De antemano sabían mis ayudantes que iba a realizar una cesárea sin estar seguro de encontrar alguna cría, y hacían bromas al respecto si llegaba a equivocarme, con excepción del jefe que siempre me tuvo gran confianza, pero la más segura de mi diagnóstico era mi estimada colega, con quien siempre conté con su apoyo, y el más preocupado era el ingeniero de la recomendación.

Han pasado más de cuarenta años, y sigo conservando los gratos recuerdos de aquellos jóvenes compañeros de entonces, que fueron excelentes y entrañables amigos, y que aún tengo el privilegio de tener su amistad.

Implementamos una mesa de cirugía sobre los lavaderos, mis ayudantes se ocuparon de subir a la paciente y de la sujeción, mi colega procedió a la aplicación de la anestesia, quedaron sorprendidos de lo rápido de su efecto, en aquel entonces utilizábamos un anestésico que lo aplicábamos a través de la vena de una de las orejas del paciente, tal vez ahora los colegas dedicados a cerdos al leer este procedimiento, no sean tan drásticos en su opinión, ya que en ese entonces era el único recurso que teníamos, y qué lejos estábamos de los aparatos de ultrasonido y de rayos X portátiles.
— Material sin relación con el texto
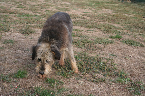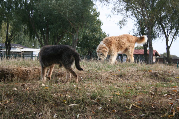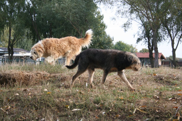 Im Juni 2025 wurde Bommel geschnitten und siehe da - frisch frisiert kam ein wunderschöner Rüde zum Vorschein. Bommel kann den Freilauf mittlerweile mit seinem Zwingerfreund Bert sowie mit Resi und Orpheline genießen und ist an vielerlei Eindrücken aus der Umwelt interessiert. Dennoch ist er ein ruhiger Vertreter und bevorzugt Leckerlis nach wie vor vom Boden aufzulesen oder vorsichtig aus der Hand zu nehmen. Wir wünschen Bommel und seinem langjährigen Zwingerfreund Bert ein schönes und ruhiges Zuhause - nach Jahren mit vielen kleinen Fortschritten hätten sie es sehr verdient.

Después de afeitar y desinfectar la zona donde haríamos la incisión, colocamos un campo quirúrgico, y por primera vez vieron nuestros compañeros ingenieros una cirugía aséptica, comparada a las que realizábamos de emergencia en el campo, contaba con el protocolo de una intervención quirúrgica dentro de nuestras posibilidades. Recuerdo que al ponerme los guantes me encomendé al Señor como siempre lo hago y procedía a incidir con el bisturí, al introducir la mano dentro del abdomen para localizar el útero, y al palpar aquella masa dura y perfectamente reconocible, solamente esbocé una sonrisa, al exponer el cuerno uterino y abrirlo para sacar esa pequeña cría muerta que comenzaba el estado de descomposición, solamente veía caras de asombro de mis ayudantes, posteriormente suturamos quedando la incisión perfectamente desinfectada, inyectamos a la paciente e hicimos las recomendaciones al entregarla a su dueño, en excelente estado de salud, y con gran apetito.

Al final todo era sonrisas y felicitaciones, había una persona que se encontraba más feliz que todos, el ingeniero que había hecho la recomendación, fue tanto el éxito de la cirugía, que posteriormente el dueño de la paciente dio la anuencia para la boda, que después de cuatro décadas aún forman una familia feliz, gracias a esa cesárea nupcial.